The use of rectangular windows simplifies the handling of bitmapped data and the manipulation of the windows, resulting in efficient display systems. In particular, the position and size information for a rectangular window is commonly represented by only four numbers. These may be a horizontal location ("X") coordinate and a vertical location ("Y") coordinate to indicate the position of the window in the display area, and a width and height to indicate the size of the window. Equivalently, the four numbers used to identify the position and size information may be a horizontal start location ("Xstart"), a horizontal end location ("Xend"), a vertical start location ("Ystart"), and a vertical end location ("Yend"), thus defining the four corners of the window.

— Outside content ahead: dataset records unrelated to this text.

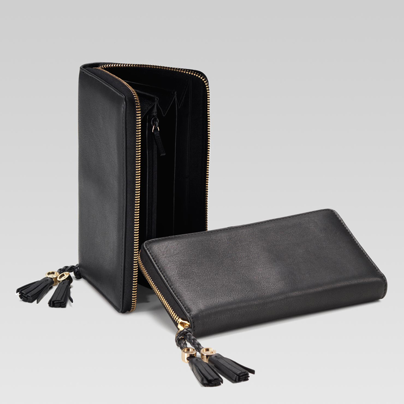 - black leather - light gold hardware - zip around closure - twelve card slots and three bill compartment - zip coin pocket
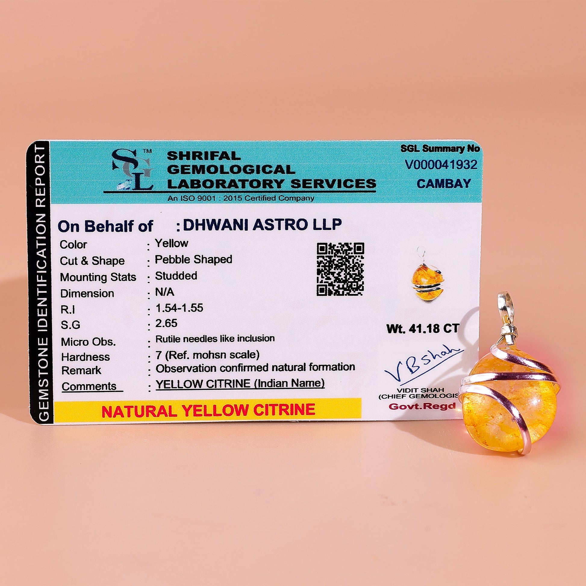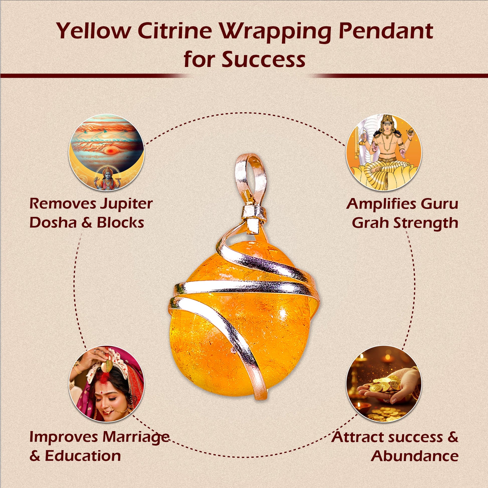 This Yellow Citrine Wrapping Pendant - Abhimantrit & Certified is specially made for those seeking success, prosperity, and growth in their job, business or studies.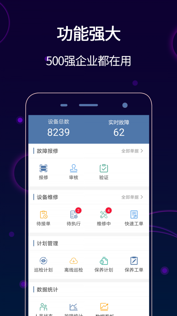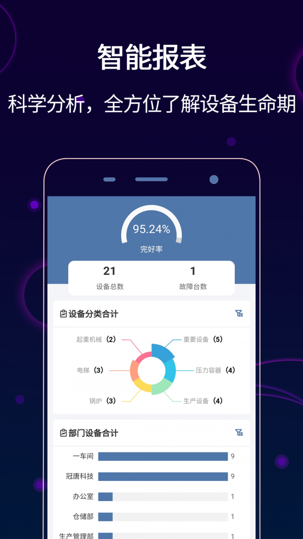 企业设备管理必备系统,集设备管理、特种设备管理,维护保养、备件仓库、故障报修、业务管理(调拨,购置...)、点巡检为一体的设备全生命期管理软件,配合电脑端后台管理;支持二维码/条形码管理,包含:pc、平板、(安卓+苹果)手机app、微信小程序、企业微信、钉钉,多方位的信息接入,真正的设备“云管理平台”。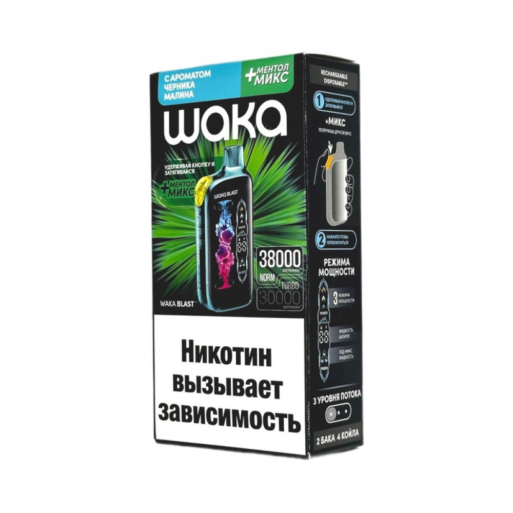 WAKA BLAST 38000 Hard - Черника малина + ментол микс - купить в Воронеже

Window display systems typically display the data from individual window bitmaps by determining, for each pixel location in the display area, the window of highest priority which includes that pixel location. This determination is straightforward when the windows are rectangular. For example, when the four corners are used as described above to locate each window, that window includes a given X,Y pixel location if and only if X is not less than "Xstart" nor more than "Xend," and Y is not less than "Ystart" nor more than "Yend." Furthermore, once the appropriate choice of windows is made, retrieving the correct pixel data for the given pixel location in the display area is equally straightforward. Since the data is stored as a conventional rectangular array, a simple mathematical calculation is sufficient to locate the appropriate pixel data.
It would often be advantageous to include the ability to display an image contained in a rectangular window without displaying the surrounding portions of that window. In effect, these surrounding portions of a foreground window would be made "transparent," so that the images "behind" these portions of the foreground window become visible. From the viewer's perspective, such a capability would provide the functional equivalent of displaying "windows" of arbitrary shape. In multimedia applications, for example, it is desirable to construct video frames composed of a background scene plus a number of independently controllable objects. One such illustration would be a background consisting of an undersea scene, with many independently movable fish overlaid on that scene. If each fish were displayed as a complete rectangular window, the area of each of these windows which is outside the border of the image of the fish itself would inappropriately obscure part of the background (or a view of part of another fish) "behind" it. By displaying only the fish image, and not the surrounding portions of the window which contains it, a much more realistic scene would be displayed.